5. EXTRAORDINARY LOSS
The Company has repurchased $21.1 million of its 11-1/4% Senior Notes,
which are due 2004, during the current fiscal year. The Company has incurred an
extraordinary loss, net of tax, of approximately $0.8 million for the early
extinguishment of debt.
6. RECLASSIFICATIONS
Certain reclassifications have been made to the consolidated financial
statements of the prior year to conform to the 1999 presentation.
7. NEW ACCOUNTING PRONOUNCEMENT
In June 1998, the Financial Accounting Standards Board issued Statement of
Financial Accounting Standards No. 133, Accounting for Derivative Instruments
and Hedging Activities (SFAS No. 133). The Statement establishes accounting and
reporting standards requiring that every derivative instrument (including
certain derivative instruments embedded in other contracts) be recorded in the
balance sheet as either an asset or liability measured at its fair value. The
Statement requires that changes in the derivative's fair value be recognized
currently in earnings unless specific hedge accounting criteria are met. Special
accounting for qualifying hedges allows a derivative's gains and losses to
offset related results on the hedged item in the income statement, and requires
that a company must formally document, designate, and assess the effectiveness
of transactions that receive hedge accounting. In June 1999, the effective date
of SFAS No. 133 was delayed by the FASB to fiscal years beginning after June 15,
2000. The Company will adopt SFAS No. 133 on January 30, 2000. The Company has
not yet quantified the impacts of adopting SFAS No. 133 on its financial
statements. However, the statement could increase volatility in earnings and
other comprehensive income.
The Company entered into a $40.0 million interest rate swap transaction on
July 7, 1999 with First Union National Bank (First Union) whereby First Union
pays the Company interest at a fixed rate of 11.25% and the Company pays First
Union interest at a commercial paper rate plus 5.37% (10.45% at July 31, 1999).
The agreement terminates on August 15, 2001.
ITEM 2. MANAGEMENT'S DISCUSSION AND ANALYSIS OF FINANCIAL CONDITION AND RESULTS
OF OPERATIONS
The following discussion of the financial condition and results of
operations of Wilsons The Leather Experts Inc. and its wholly owned subsidiaries
(Wilsons or the Company) should be read in conjunction with the Company's most
recent audited financial statements and related notes included in its 1998
Annual Report on Form 10-K.
OVERVIEW
Wilsons is the leading specialty retailer of leather outerwear, apparel and
accessories in the United States. As of July 31, 1999, the Company operated 514
retail stores in 44 states, Canada and England, including 446 mall stores, 28
airport locations and 40 factory outlet stores. The Company also operates
holiday stores, numbering 215 in 1998, to better capitalize on its peak selling
season from October through December. Over 80% of the Company's merchandise is
designed and sold under Wilsons' proprietary labels, including M. Julian(R),
Maxima(R), Pelle Studio(R), and Wilsons The Leather Experts(TM), with each label
positioned to appeal to identified customer segments lifestyles. Wilsons' mall
stores average approximately 2,000 square feet and feature merchandise tailored
to the demographics and buying patterns of each store's local customer base.
8
<PAGE>
The Company's business is highly seasonal; therefore, the operating results
for the interim periods described below are not necessarily indicative of the
results that may be expected for a full fiscal year. A majority of the Company's
net sales and operating profit is generated in the peak selling season from
October through December, which includes the holiday selling season. Wilsons
recorded 56.6% of its sales for the fiscal year ended January 30, 1999, during
the peak selling season. As a result, the Company's annual operating results
have been, and will continue to be, heavily dependent on the results of its peak
selling season. Net sales are generally lowest during the period from April
through July, and the Company historically has not become profitable, if at all,
until the fourth quarter of a given fiscal year.

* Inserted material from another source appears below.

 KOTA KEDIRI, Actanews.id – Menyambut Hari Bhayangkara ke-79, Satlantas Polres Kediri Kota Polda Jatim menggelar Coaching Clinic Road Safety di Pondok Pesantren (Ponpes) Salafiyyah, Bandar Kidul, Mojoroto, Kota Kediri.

The Company does not believe that inflation has had a material adverse
effect on the results of operations for the periods presented, however, there
can be no assurance that the Company's business will not be affected by
inflation in the future.
RESULTS OF OPERATIONS FOR THE THREE MONTHS ENDED JULY 31, 1999 COMPARED TO THE
THREE MONTHS ENDED AUGUST 1, 1998
Net sales increased 15.5% to $52.8 million in 1999 from $45.7 million in
1998. Contributing to the $7.1 million sales increase were a $4.9 million
increase associated with a 9.7% comparable store sales increase due to the
continued strong sales of young men's and women's merchandise, and a $2.2
million increase in non-comparable store sales due to the opening of additional
stores during the quarter, plus the effect of 1998 stores that have been open
less than one year.
Wilsons opened two stores and closed one store in the second quarter ended
July 31, 1999 compared to 12 store openings and the acquisition of the 40 Wallet
Works stores during the second quarter last year. The two stores opened in the
second quarter of this year were mall stores. As of July 31, 1999, Wilsons
operated 514 stores compared to 503 stores at August 1, 1998.

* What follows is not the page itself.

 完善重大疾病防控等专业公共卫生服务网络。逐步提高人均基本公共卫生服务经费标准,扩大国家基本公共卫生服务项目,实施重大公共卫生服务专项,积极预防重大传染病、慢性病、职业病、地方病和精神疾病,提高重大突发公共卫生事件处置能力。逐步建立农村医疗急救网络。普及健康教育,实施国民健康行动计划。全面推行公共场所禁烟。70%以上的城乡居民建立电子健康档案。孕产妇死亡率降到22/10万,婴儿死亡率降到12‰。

Cost of goods sold, buying and occupancy costs for the second quarter were
87.5% of net sales, or $46.2 million, compared to 90.3% of net sales, or $41.3
million, for the same period a year ago. The decrease in the costs as a
percentage of net sales is related to an improvement in gross margin net of
occupancy and a decrease in occupancy costs as a percentage of net sales. Gross
margin net of occupancy costs improved 1.8% as a percentage of net sales for the
second quarter compared to last year due primarily to an improvement in initial
mark-on resulting from lower leather prices and fewer markdowns required due to
strong spring sales. The Company leveraged occupancy costs and reduced them to
30.1% of net sales in the three months ended July 31, 1999 compared to 31.1% of
net sales for the same period in 1998. The Company's inventories are valued
under the retail inventory method on the last-in, first-out (LIFO) basis. No
LIFO provision was required for the quarter ended July 31, 1999; the LIFO
provision included in cost of sales for the quarter ended August 1, 1998 was
$0.2 million.
Selling, general and administrative expenses for the second quarter were
45.3% of net sales, or $23.9 million, compared to 45.7% of net sales, or $20.9
million, for the same period last year. The improvement as a percentage of net
sales is largely due to sales productivity improvements in the stores. Partially
offsetting these improvements have been investments in e-commerce, Y2K
remediation and refinements to inventory systems, totaling almost $1.0 million.
Depreciation and amortization expense increased to $1.5 million in the
second quarter from $1.0 million in last year. The increase is due to capital
expenditures for new store construction and the renovation of existing stores.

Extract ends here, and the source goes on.